This is why decoupling your metadata and deploying often is so important. It can be very difficult to scramble to decouple the dependencies after hitting a size limit on a critical deployment day, especially if your teams are not aligned and dependencies are not tracked.
Permissions challenges. There’s also the issue that the Metadata API returns only custom permissions but not user permissions. For Tabs when queried, the standard prefixed ones are not returned. It also returns missing information about standard objects when querying custom objects.

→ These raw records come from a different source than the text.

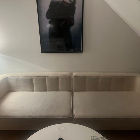På billederne er den ikke samlet men modulerne bare sat op ad hinanden, så når den samles rigtigt, vil ryglænet komme højere op :)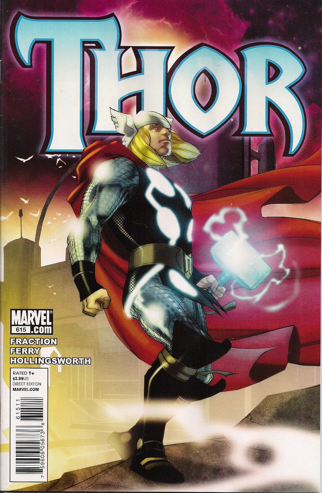 So far as Ferry’s art goes, there’s pleasing variety in the page constructions, but they’re not showy – they simply works. He reigns in the super-broad Norseman face preferred by recent artist Olivier Coipel, for features that anticipate the look of actor Chris Hemsworth in next year’s Thor movie. And he’s adding some Kirby Krackle to the down-to-earth duds of recent years, making our hero look the god he is.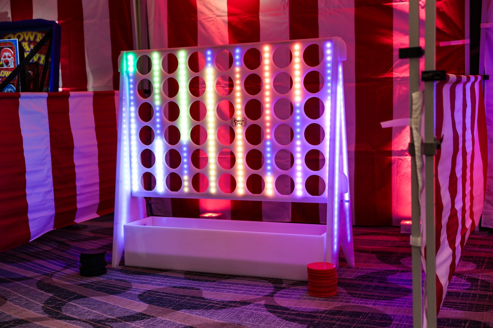 Get ready for the ultimate showdown with our all-new LED GLOW Giant Connect Four! Customize the color(s) to fit your event theme or company BRAND identity. Light up the competition as you strategize, stack, and outplay your opponent in this supersized classic. Be the first to connect four discs in a row—diagonally, horizontally, or vertically—and claim victory! Perfect for Boston, MA Corporate Entertainment, Boston School Events, Private Parties, and the kid in every adult. Our Connect Four Glow Game Rental is a guaranteed crowd-pleaser.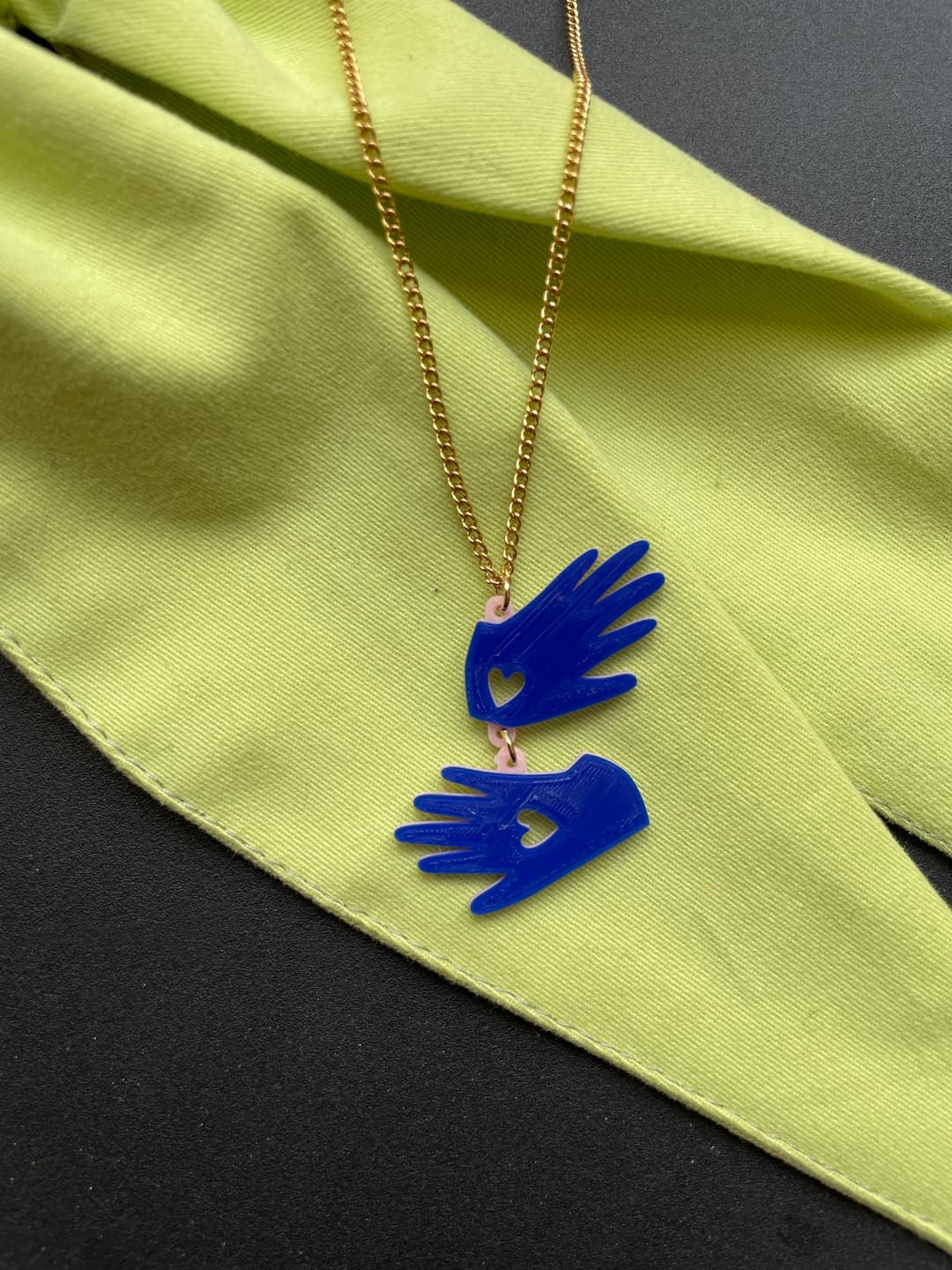 Pendentif imprimé en PLA, un biopolymère fait d’amidon. Chaîne et maillons en acier inoxydable. Chaque bijou est réalisé sur commande, selon votre choix de coloris, puis est entièrement monté par mes soins, dans mon atelier parisien.

Limited support for certain metadata types. Many types of metadata in Salesforce require manual steps to deploy because they are not supported by the Metadata API.
Deploying Translations and Page Layouts correctly. Another quirk is when deploying Translations, you need to removeTranslation comments first and then update it after the deployment. There are also issues with Page Layouts where it returns all unpackagedLayout names where you have to manually edit the returned result.
Blue Canvas aims to address and manage many of these quirks with the Metadata API by bringing over 7 years of experience working with the Metadata API. Blue Canvas uses SFDX’s source format which makes it much easier to track and deploy your changes between your orgs. This can save tons of time if you’re working in a large org and you want to quickly compare metadata and make line-by-line edits if needed to ensure the package gets validated.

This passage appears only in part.